:: GIVEN INFORMATION ::

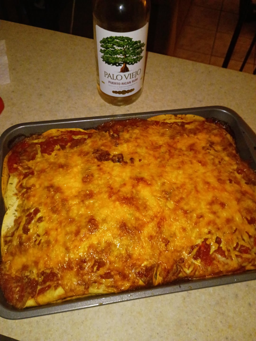 "in for a penny in for a pound" halfway through I knew I messed up but I just went with it. substituted a bottle of Goya pico de gallo and two cans of Rotel for the enchilada sauce I forgot to buy. If anything it's the least worst thing that has probably happened from rotgut Puerto Rican rum LOL.
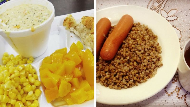 W Rosji uczniowie mogą otrzymać darmowe śniadanie od godz 9.00 do 12.00. Po godzinie 12.00 za serwowany obiad trzeba zapłacić. Często nie jest jednak jasne, który posiłek jest śniadaniem, a który już obiadem jeśli chodzi o jego składniki. Przykładem jest danie z powyższego zdjęcia. Widzimy na nim kiełbaski, dużą porcję kaszy gryczanej oraz herbatę.
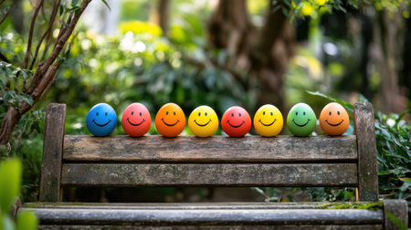 A row of colorful Easter eggs with smiley faces on a wooden bench
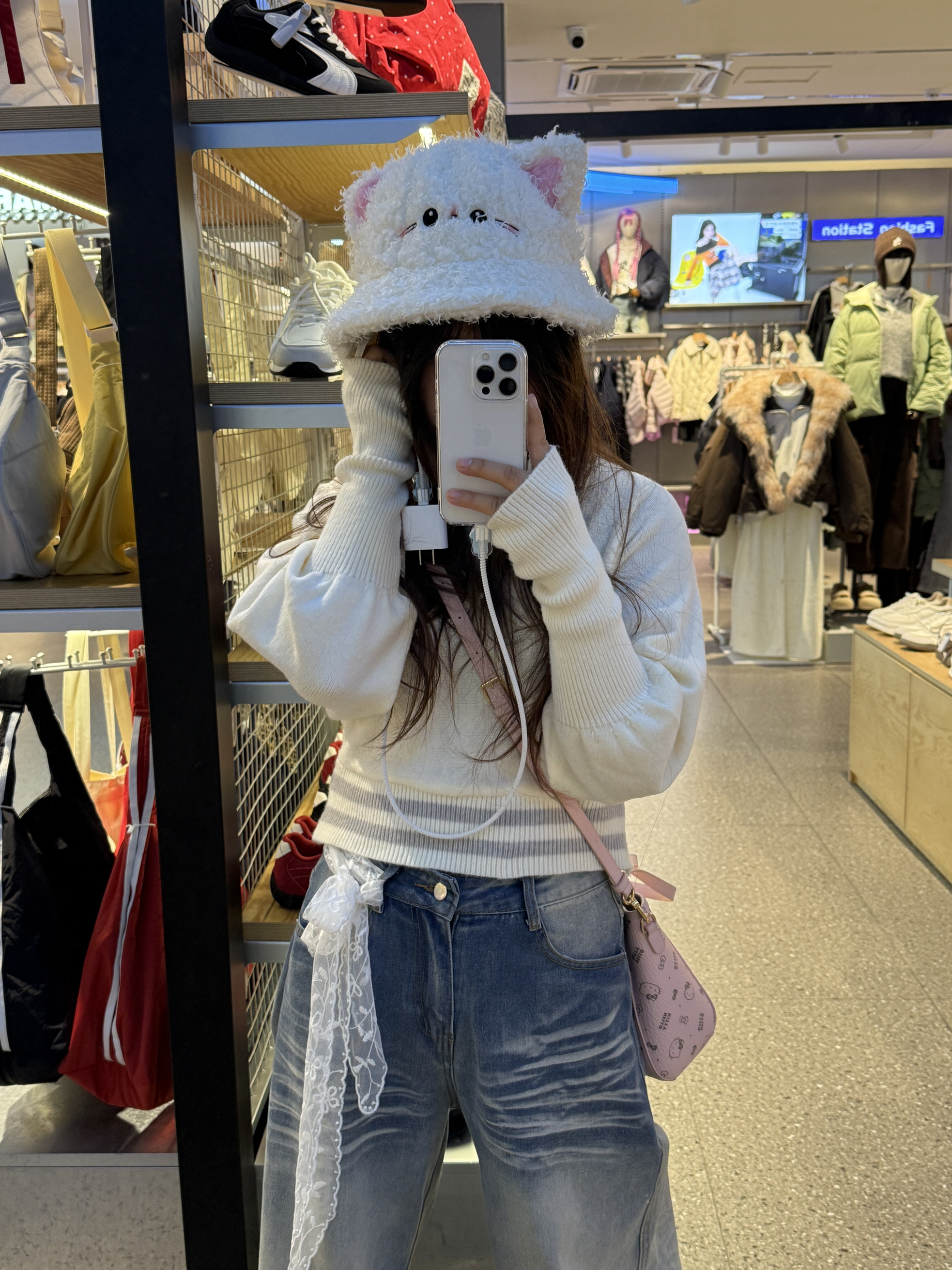 甜妹韩系穿搭🍧粉灰撞色也太嫩了 谁懂

:::

▸ **WHAT THIS TASK INVOLVES**
Return the complete material exactly as given, excluding images.

▸ **ANSWER BOX**
 "in for a penny in for a pound" halfway through I knew I messed up but I just went with it. substituted a bottle of Goya pico de gallo and two cans of Rotel for the enchilada sauce I forgot to buy. If anything it's the least worst thing that has probably happened from rotgut Puerto Rican rum LOL.
 W Rosji uczniowie mogą otrzymać darmowe śniadanie od godz 9.00 do 12.00. Po godzinie 12.00 za serwowany obiad trzeba zapłacić. Często nie jest jednak jasne, który posiłek jest śniadaniem, a który już obiadem jeśli chodzi o jego składniki. Przykładem jest danie z powyższego zdjęcia. Widzimy na nim kiełbaski, dużą porcję kaszy gryczanej oraz herbatę.
 A row of colorful Easter eggs with smiley faces on a wooden bench
 甜妹韩系穿搭🍧粉灰撞色也太嫩了 谁懂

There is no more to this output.